On an even playing field Microsoft has never done so well. On phones and tablets their propensity to launch slow and buggy products has come back to bite them. The Xbox did ok but they took an awful hit to get it where it is today. The best product they ever made was their mouse, so I guess they can do hardware :-)
Phillip.
Re:and there goes the Nokia Android (Score:5, Informative)
Meh, replying to my own post. Found this:
http://www.telecoms.com/22503/nokia%E2%80%99s-problem [telecoms.com]
The N97 was the phone I was thinking of although ALL of their Nxx devices were crap.
And there were so MANY of them! Why have 5 SKUs where 500 will do? Always doing the networks' bidding...
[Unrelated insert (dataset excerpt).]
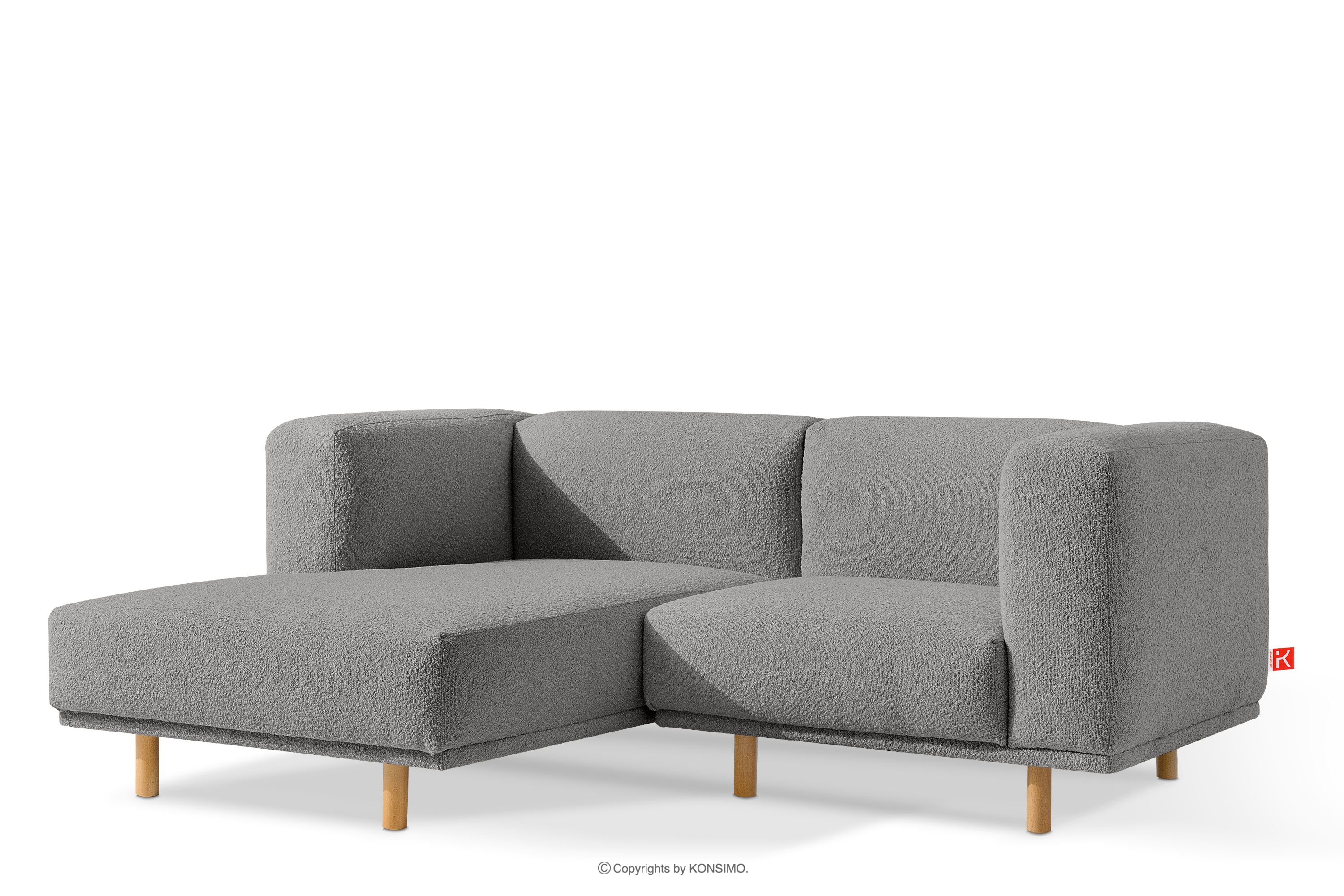 Skandinavisches hochbeiniges Ecksofa aus Boucle-Stoff hellgrau, links

Yes, I have also discovered HTML formatting too - sorry about original post.
Re:and there goes the Nokia Android (Score:5, Informative)
Meego was another Maemo, not WebOS, it have its own lineage as example. Was sabotaged by Symbian fans inside Nokia first, then the days before it was released Elop said that it had no future, cut all future hopes for development for the platform, and released just one phone with it, just because already made it. Is even against that that sold pretty well. And yes, sold better than the Windows 7.x phones that Microsoft killed before they come out to the market saying that they will have no future neither (but most people that buys windows phone only hears windows phone, not version, so even with that had sales).
Anyway, wasn't the end of the road, there is hope on Qt-based cellphones still. From it derived Sailfish that is about to come out (the first batch already sold out), and Tizen, that Samsung could start making phones with it.
Re:Hmm... (Score:2, Informative)
It's just incredible. I don't even blame Microsoft that much. What the hell was the Nokia board thinking? "Oh, this guy has run our company to the ground, he seems ok! Let's give him a few more years as CEO."
Duh. It wasn't Elop who ran the company to the ground. Nokia was fucked up looong before Elop arrived at the scene. The core of the problem was them being stuck with Symbian, which was a slow, clunky to use and very buggy phone operating system. Then Android and iPhone arrived which basically stomped all over Nokia. At that point Nokia accepted the Windows Phone deal as an emergency solution. And then we can fast forward to the present day.
Resistance is futile .. (Score:4, Informative)
BBC failed Digital Project Cancelled [ibtimes.co.uk]
Project Kangaroo Cancelled [theregister.co.uk]
Highfield joins Microsoft after just four months at Project Kangaroo [theregister.co.uk]
BBC appoints Microsoft man to control future media [informitv.com]
Re:Beware of Microsofties bearing gifts (Score:5, Informative)
Read a little Tomi: http://communities-dominate.blogs.com/ [blogs.com]
NOK was not even close to dead/dying when Elop was brought in. His 'burning platform' memo killed it.